Most public cloud servers have implemented protocols on users to protect themselves against resultant legal action in case data is lost. Additionally, you are not guaranteed constant access to your data and other cloud resources, which makes this option considerably unreliable. In fact, a significant number of businesses are severely compromised when network failures occur. Private cloud servers on the other hand, come with increasingly fault-tolerant network backbones and predictable service availability- which make them more reliable and resistant to network problems.
Although public cloud servers are considered scalable and flexible, they have limited capabilities, dictated by third party providers according to their resources and the common market needs.

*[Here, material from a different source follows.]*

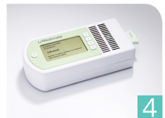
4 resultaat wordt getoond op het scherm van de meter
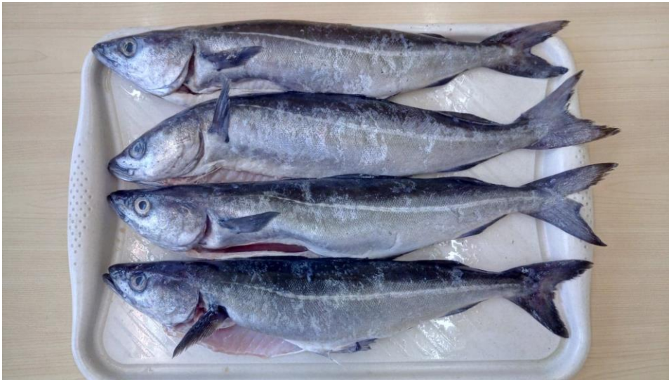
Fot. 11. Czarniak świeży

Północno-Wschodni Atlantyk. Surowiec rybny dostarczony w blokach przechowywanych w temperaturze -22 °C.

Private clouds on the other hand, are limitless- they can be scaled to shift or increase the workloads across different servers and resources to streamline the operations according to fluid organizational objectives. If you are expanding your business for instance, all you have to do is increase your hardware and software capabilities without seeking consent from a third party service provider. If you have special network needs on the other hand, your private cloud can be adjusted accordingly, as opposed to the frustrations you’d get from public cloud providers, who of course wouldn’t adjust their servers to respond to a single subscriber.
Due to increasingly expanding data networks, 93% of organizations are planning to upgrade their cloud resources to improve their performance through resource optimization. Small and medium businesses are particularly keen on performance because of the constant need to expand according to organizational growth and market trends.
The performance of the public cloud is fairly efficacious, but it cannot match up to the private cloud. The enhanced performance is largely due to extensively automated components and scalability, which allows businesses to tune up their infrastructure according to desired performance levels. The performance of public cloud infrastructure on the other hand, depends on the commitment of third party service providers in upgrading their systems and allocating resources. This consequently downplays your business’ expansion potential.
The total cost of ownership consists of infrastructure cost and price paid for the private cloud solution. Most private cloud solution such as FileCloud are less resource intensive and can be deployed on existing servers, thus avoiding any new server costs. The pricing of a private cloud solution varies and some solutions like FileCloud costs only a fraction of what a public cloud solution would cost. For a 100-user installation running for four years, FileCloud would save over $40K when compared to a similar public cloud solution like ‘Dropbox For Business’. In addition to pricing, here are the top 10 Reasons why FileCloud is a great private Dropbox alternative.
Click the following link to compare major private and public cloud solutions, click here to learn more.
It’s therefore safe to conclude that private cloud has a significant edge over public cloud especially when it comes to small and medium businesses. Although it would require a bit more time and effort to set up and get it off the ground, private cloud is a worthwhile investment with significantly high ROI.